Nicht nur, dass ich nicht wusste, dass Amazon Guthaben und Amazon Pay  intern zwei verschiedene Dinge sind und nicht miteinander kombiniert  werden kann, konnte ich mir mein eingezahltes Guthaben nicht  zurücküberweisen lassen, Begründung: Vermutlich Geldwäsche... 

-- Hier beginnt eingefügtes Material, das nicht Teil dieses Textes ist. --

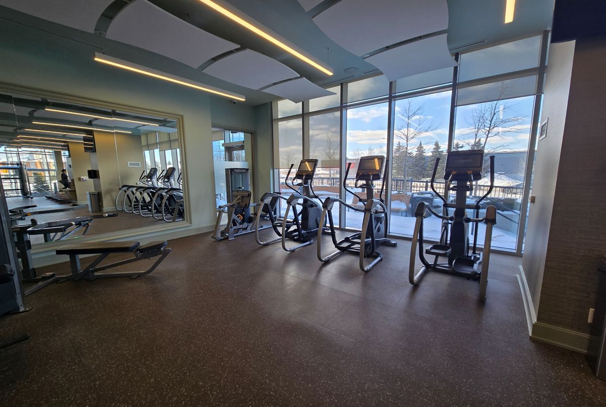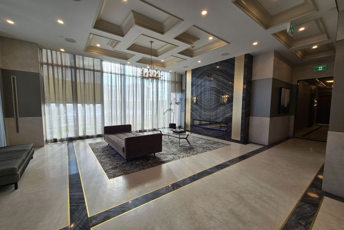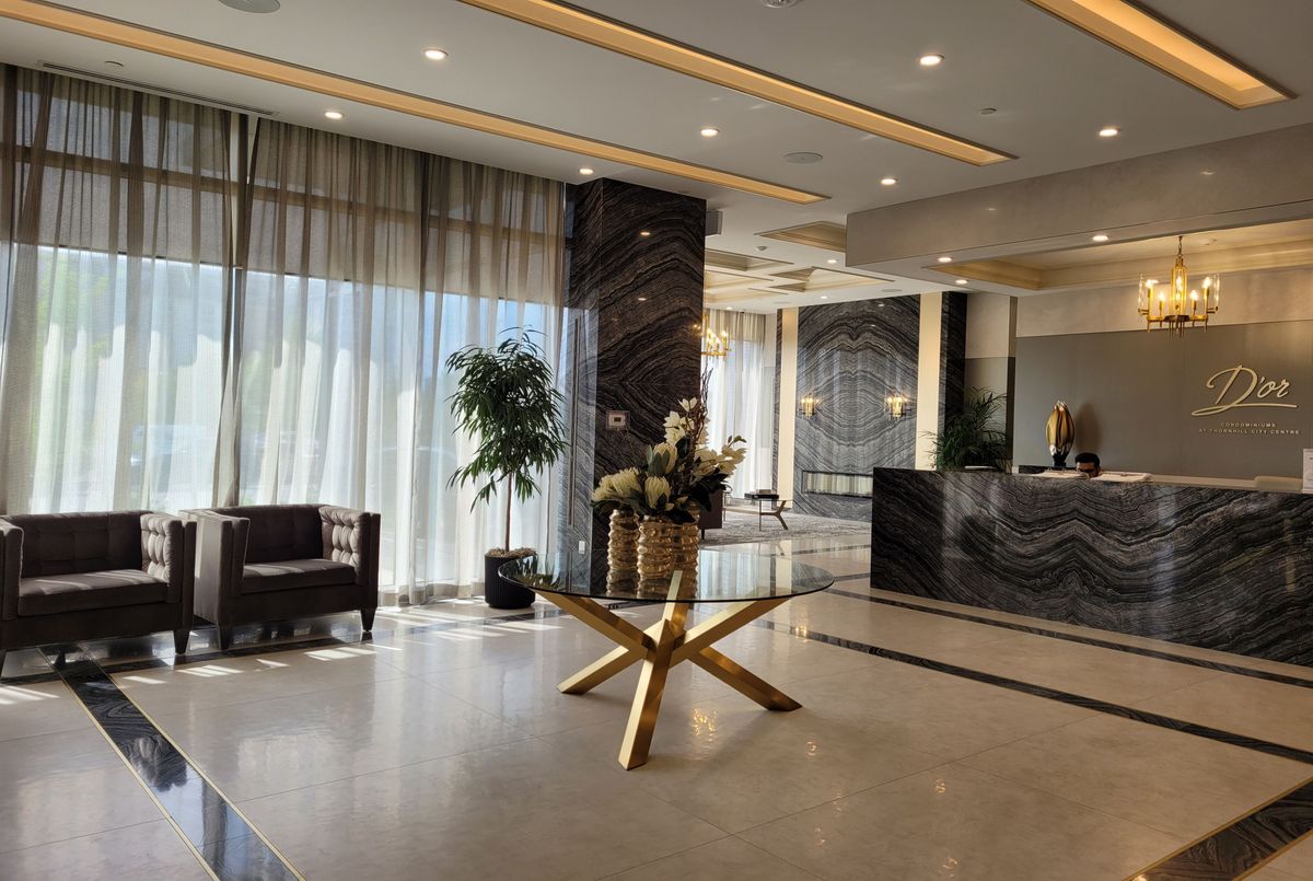 Welcome to the fabulous D'or Condos in the heart of Thornhill! This bright and spacious 1 bedroom plus den, 2-bathroom suite boasts an ideal 709 sq ft layout with lofty 9 ft ceilings, modern finishes, floor-to-ceiling windows, and no wasted space. The open-concept living area easily accommodates a sectional and dining table, while the generous primary bedroom comfortably fits a king-size bed. The modern kitchen features stylish white shaker cabinets, granite countertops, and stainless steel appliances. Enjoy two walkouts to your private balcony with a sunny, south-facing exposure and unobstructed views. The den works perfectly as a home office. This unit includes underground parking, a storage locker, and VIP access to resort-style amenities, including an indoor/outdoor pool, fitness centre, yoga studio, party room with chef's kitchen, lounge, theatre, sun deck with gazebos, hot tub, sauna, guest suites, dog spa, and 24-hour concierge. Conveniently located near Promenade Mall, transit, shopping, dining, Hwy 7/407, parks, trails, and so much more. Book your tour today.

Dann bei Amazon am 21.05. angerufen (am Feiertag um 6 Uhr früh!!!) und wollte sehen, ob man was drehen kann. Nö, sind zwei paar Dinge. Aus. Jetzt unabhängig davon, dass ich erstaunt war, dass die an einem Feiertag überhaupt da sind, vor allem um die Uhrzeit... Das Gespräch selbst verlief freundlich und meine Annahme wegen Geldwäsche wurde bestätigt, auf meinen Spruch wegen Walter White und Waschanlage kam dann seitens dem Amazon Support (war noch relativ Jung) die Empfehlung für "Ozark"  (gute Serie btw, alleine Folge 1, Szene mit Vater + Sohn xD)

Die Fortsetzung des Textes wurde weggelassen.